Schedule 3 — SCC party details
Data exporter
Name: Customer, as identified in the applicable account, order form, or agreement. Address: Customer's address as provided in the applicable account, order form, or agreement. Contact: Customer's account owner or privacy contact. Role: Controller or processor, as applicable. Activities: Use of Accountmade to generate, store, export, and share decks and process related CRM, prospect, viewer, and Customer Content data.
Data importer
Name: The Plain Works Co., Ltd. (주식회사 더플레인웍스), operating Accountmade. Address: Cheonan, Chungcheongnam-do, Republic of Korea. Contact: legal@accountmade.com. Role: Processor or subprocessor, as applicable. Activities: Providing Accountmade and processing Customer Personal Data according to this DPA.

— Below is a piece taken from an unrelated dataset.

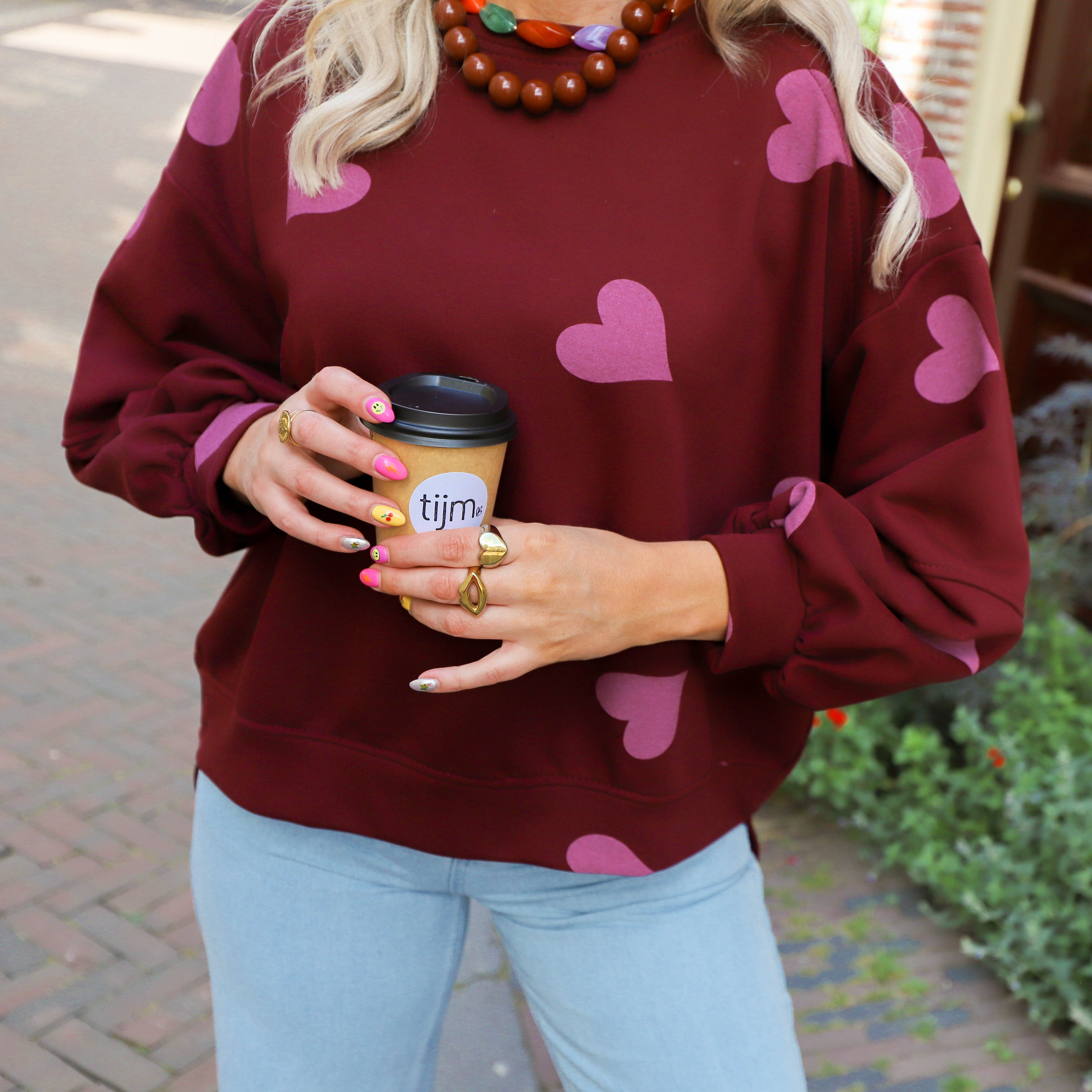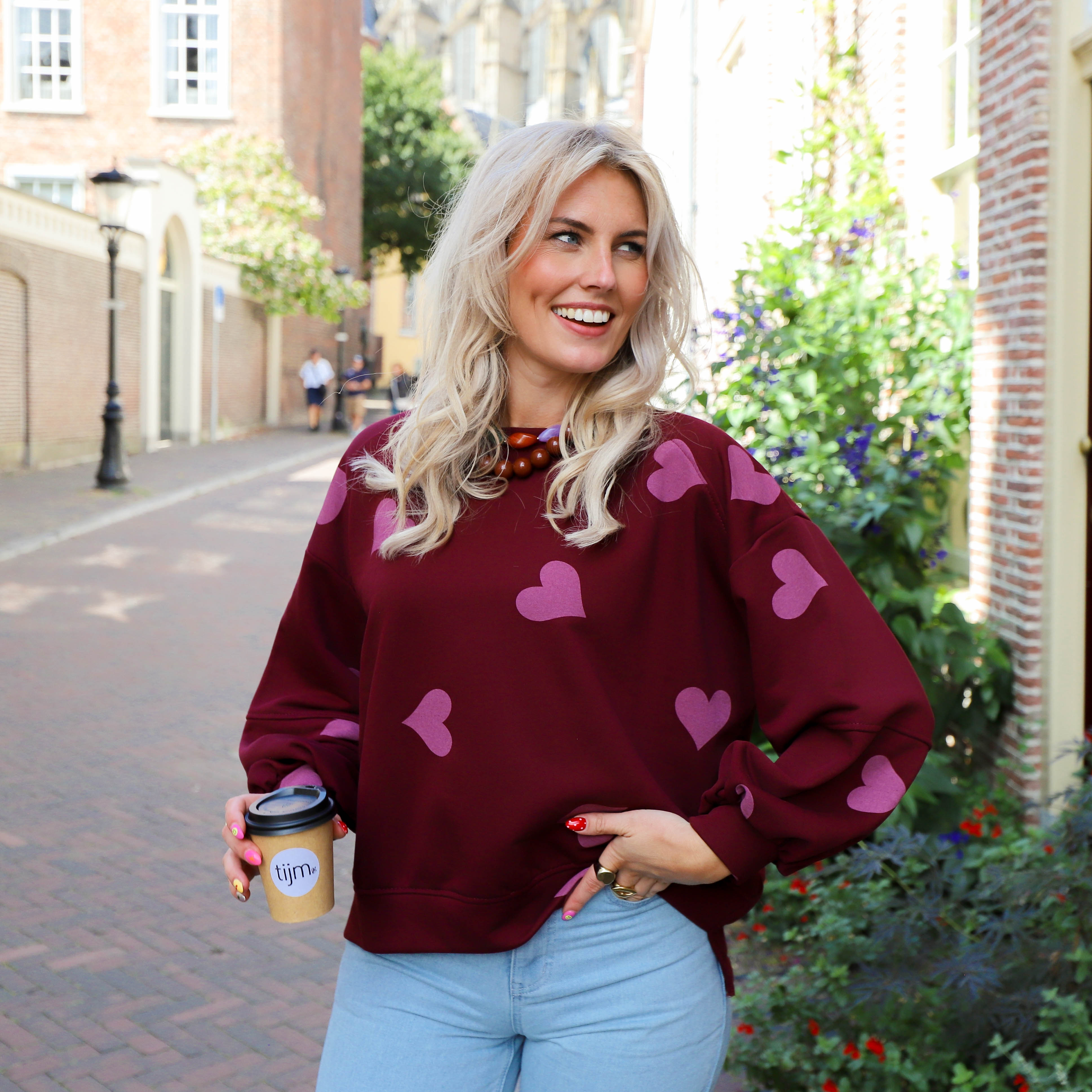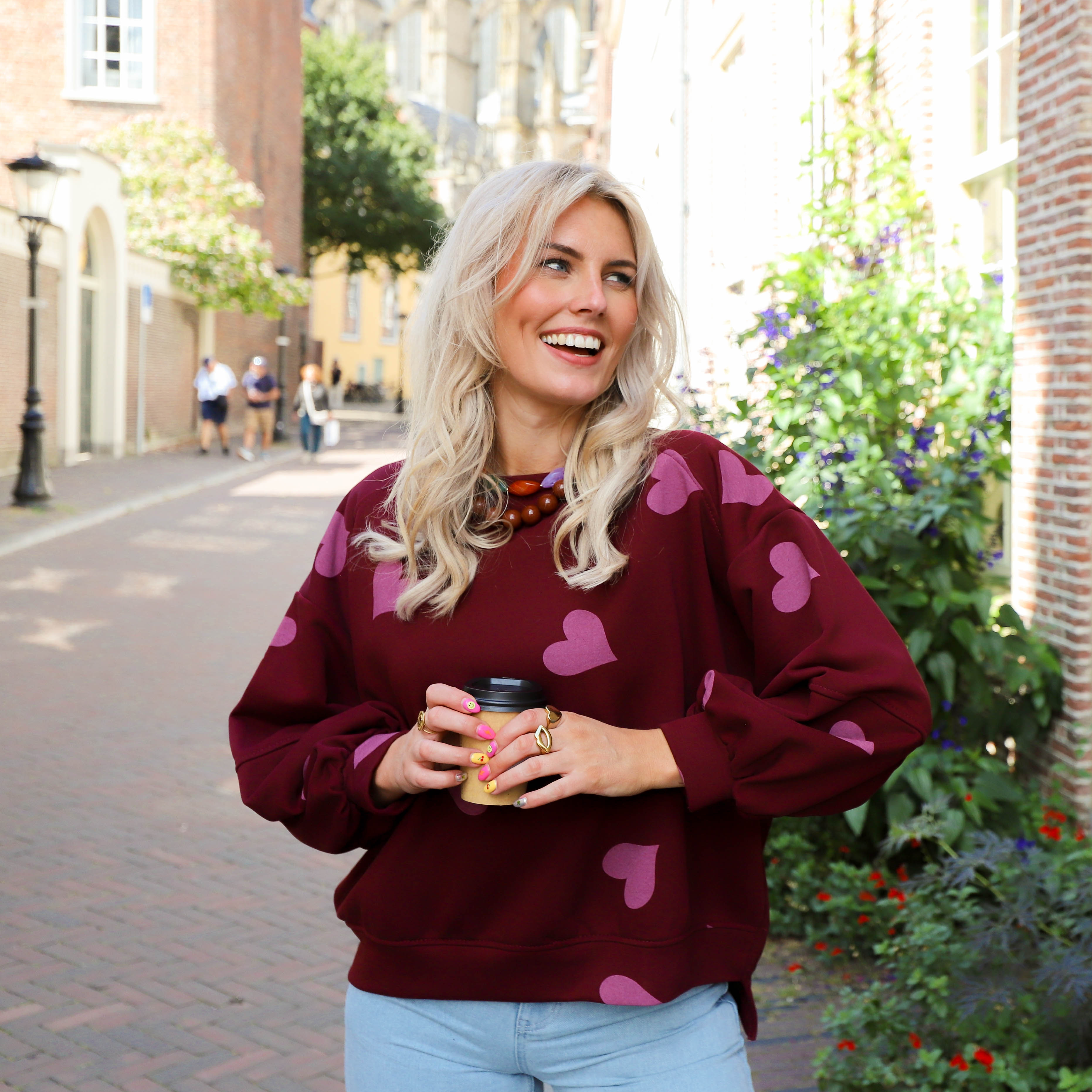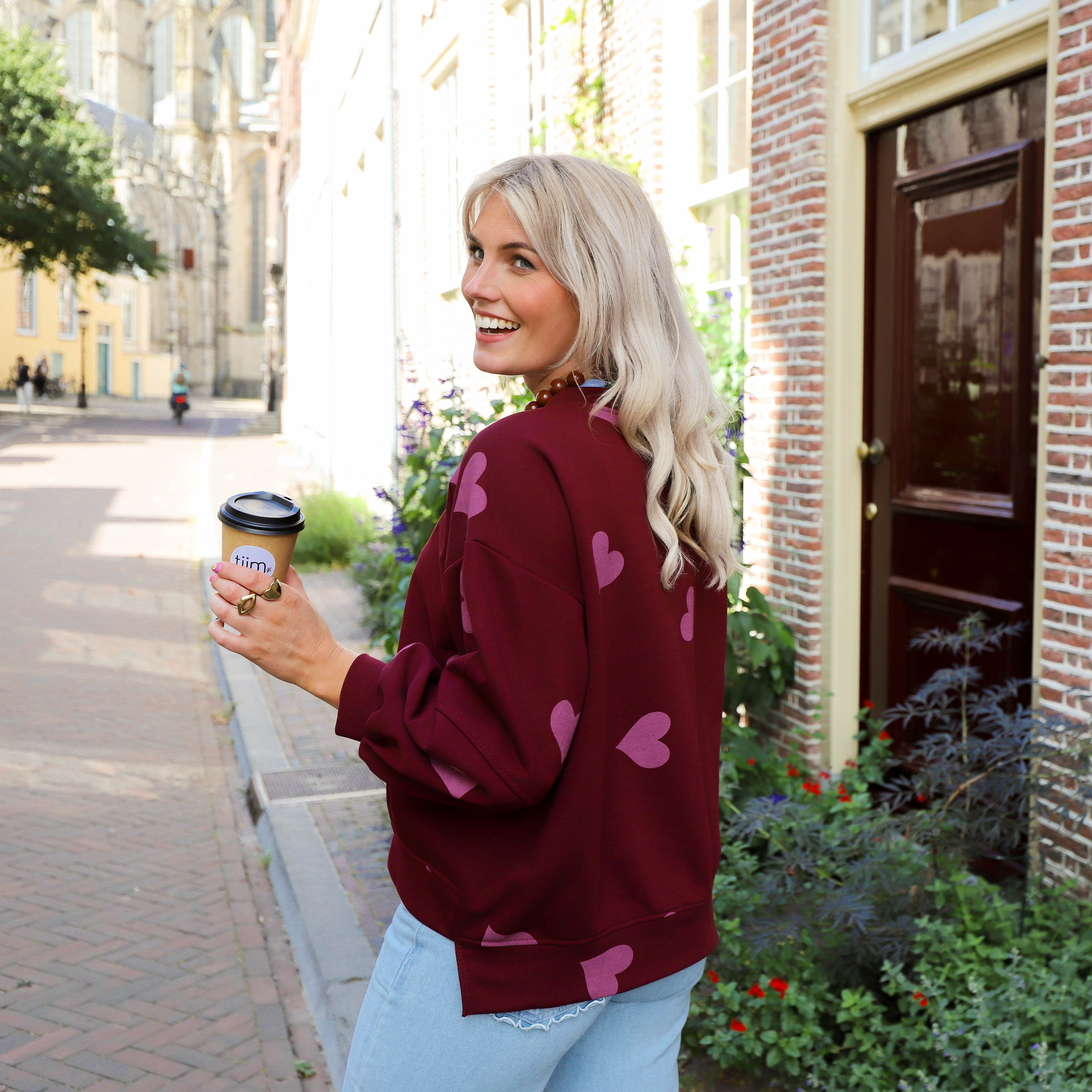 Deze sweater heeft een klassieke pasvorm en is verfraaid met speelse, lichtroze hartjes die een romantische touch geven. De ronde halslijn en ribgebreide boorden aan de mouwen en onderkant zorgen voor een perfecte pasvorm.

Competent supervisory authority
For the EU SCCs, the competent supervisory authority is determined by the data exporter's GDPR context, including the exporter's establishment, representative, or relevant data subjects. If no other authority is identifiable, the parties will identify an appropriate authority consistent with Clause 13 of the SCCs.
Schedule 4 — CCPA/CPRA limited and specified business purposes
For Customer Personal Data subject to the CCPA/CPRA, the limited and specified business purposes are:
- Providing Accountmade account, workspace, authentication, and permission features.
- Generating, editing, rendering, exporting, and storing presentation decks requested by Customer.
- Processing prompts, source documents, brand kits, personas, and mapped CRM fields to create or personalize decks.
- Hosting shared decks and providing configured access controls, password protection, custom domains, and duplication controls.
- Recording and reporting shared-deck viewer analytics requested by Customer.
- Syncing, caching, and processing customer-authorized CRM and integration data.
- Providing customer support, troubleshooting, debugging, and account administration.
- Securing the Service, preventing fraud and abuse, enforcing terms, and protecting users and third parties.
- Maintaining backups, logs, audit records, and legal records necessary for the Service.
- Complying with applicable law, legal process, sanctions, export-control, tax, and regulatory obligations.